Restate word for word the opening line of the data below and every line after it until the line with "走进历史悠久的大社村,蜿蜒的", that line too, but not the pictures.

::: Exercise data

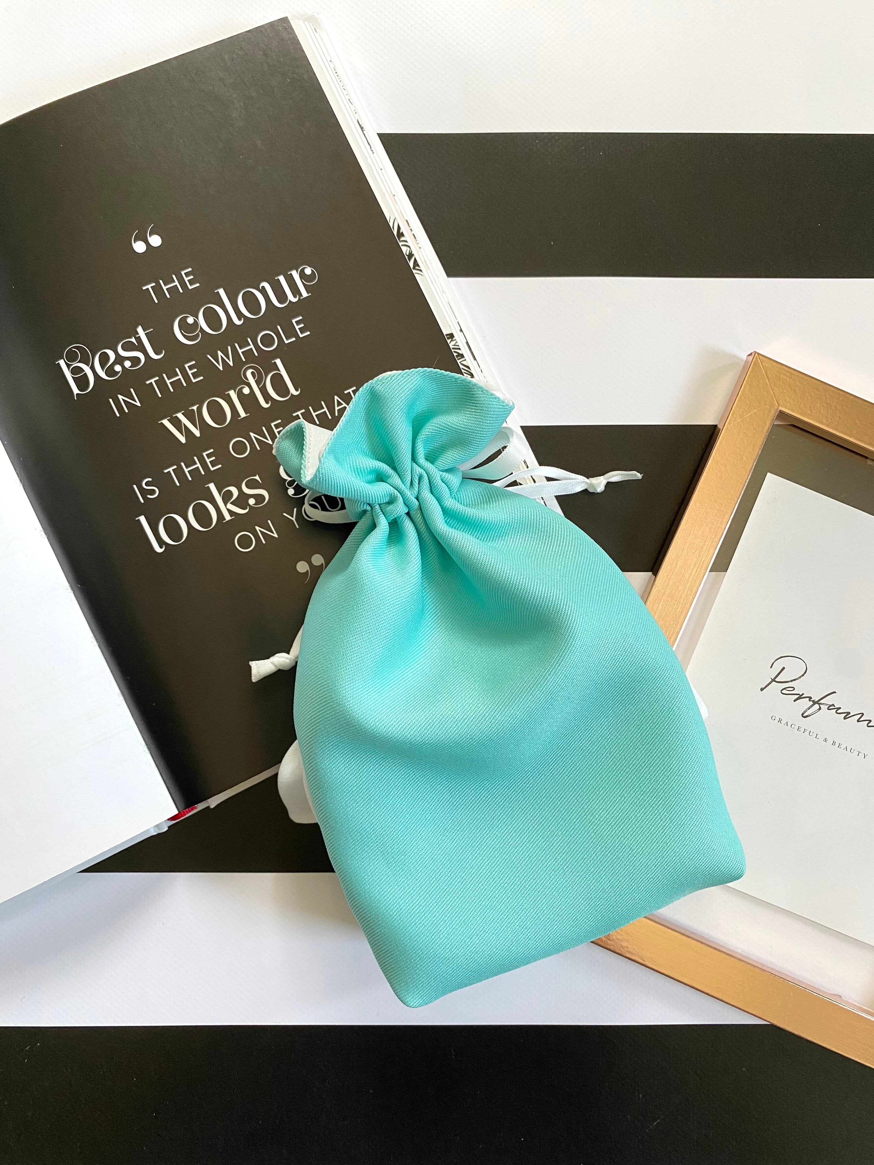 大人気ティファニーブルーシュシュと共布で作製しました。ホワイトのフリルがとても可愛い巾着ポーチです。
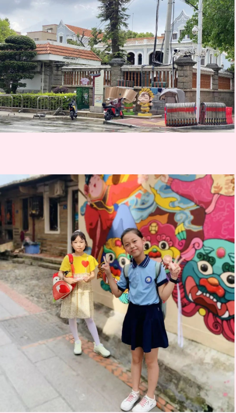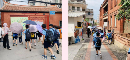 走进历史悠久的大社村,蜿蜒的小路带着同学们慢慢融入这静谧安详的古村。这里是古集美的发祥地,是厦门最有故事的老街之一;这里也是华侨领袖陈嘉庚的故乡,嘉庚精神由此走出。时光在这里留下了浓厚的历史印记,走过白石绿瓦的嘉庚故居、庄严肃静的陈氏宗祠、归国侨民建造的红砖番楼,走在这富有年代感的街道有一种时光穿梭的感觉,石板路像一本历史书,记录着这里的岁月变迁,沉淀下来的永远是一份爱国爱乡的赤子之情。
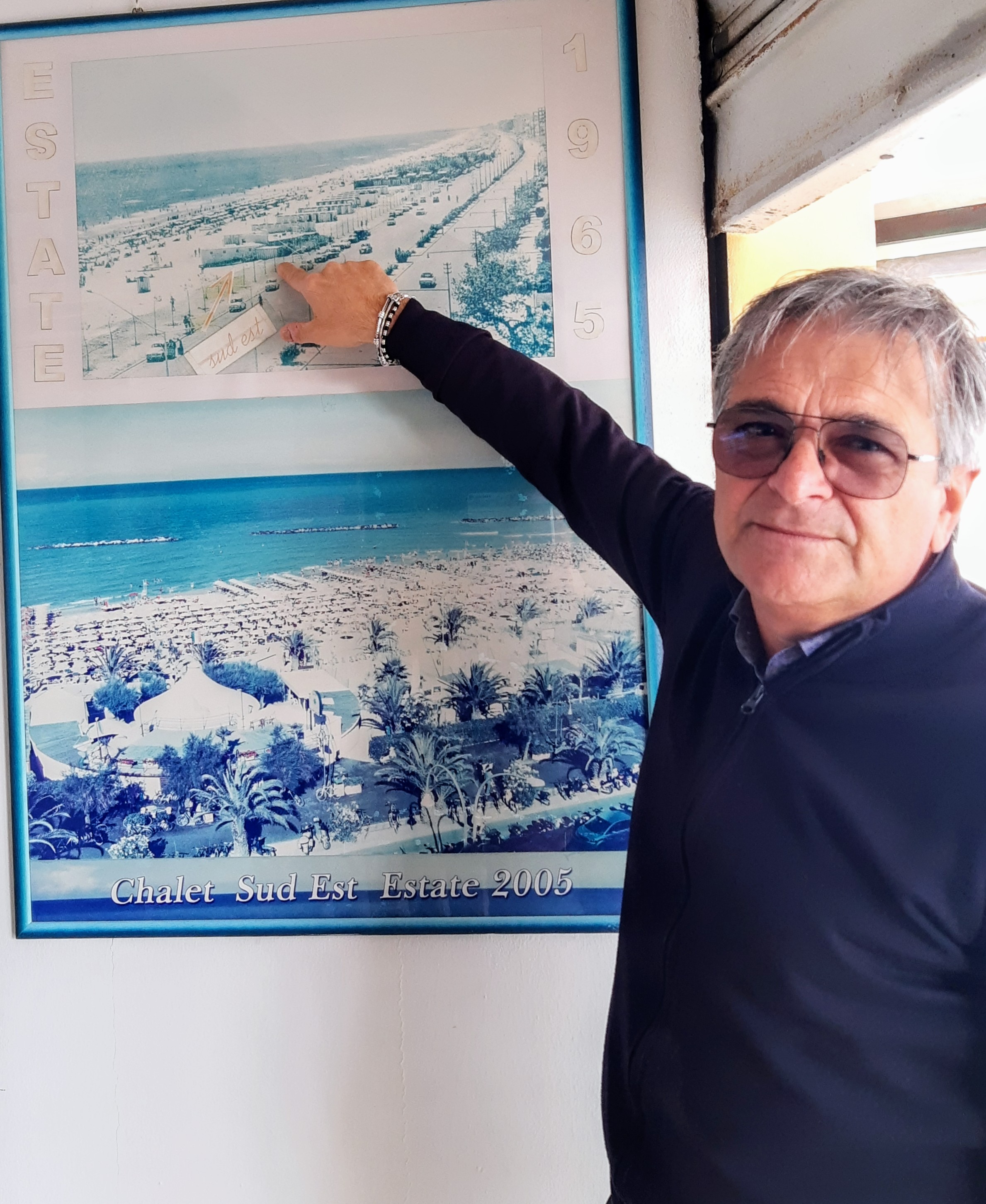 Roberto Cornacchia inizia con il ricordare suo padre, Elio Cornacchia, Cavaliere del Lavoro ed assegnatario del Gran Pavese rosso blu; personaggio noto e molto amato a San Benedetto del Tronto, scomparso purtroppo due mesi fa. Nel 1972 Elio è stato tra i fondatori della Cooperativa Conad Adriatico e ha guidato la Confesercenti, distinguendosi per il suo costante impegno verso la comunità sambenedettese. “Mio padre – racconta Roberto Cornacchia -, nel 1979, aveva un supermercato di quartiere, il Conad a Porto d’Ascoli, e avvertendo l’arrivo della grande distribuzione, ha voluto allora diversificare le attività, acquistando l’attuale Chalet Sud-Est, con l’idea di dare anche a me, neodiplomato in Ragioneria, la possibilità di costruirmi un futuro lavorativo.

::::::

> **Task answer**
 大人気ティファニーブルーシュシュと共布で作製しました。ホワイトのフリルがとても可愛い巾着ポーチです。
 走进历史悠久的大社村,蜿蜒的小路带着同学们慢慢融入这静谧安详的古村。这里是古集美的发祥地,是厦门最有故事的老街之一;这里也是华侨领袖陈嘉庚的故乡,嘉庚精神由此走出。时光在这里留下了浓厚的历史印记,走过白石绿瓦的嘉庚故居、庄严肃静的陈氏宗祠、归国侨民建造的红砖番楼,走在这富有年代感的街道有一种时光穿梭的感觉,石板路像一本历史书,记录着这里的岁月变迁,沉淀下来的永远是一份爱国爱乡的赤子之情。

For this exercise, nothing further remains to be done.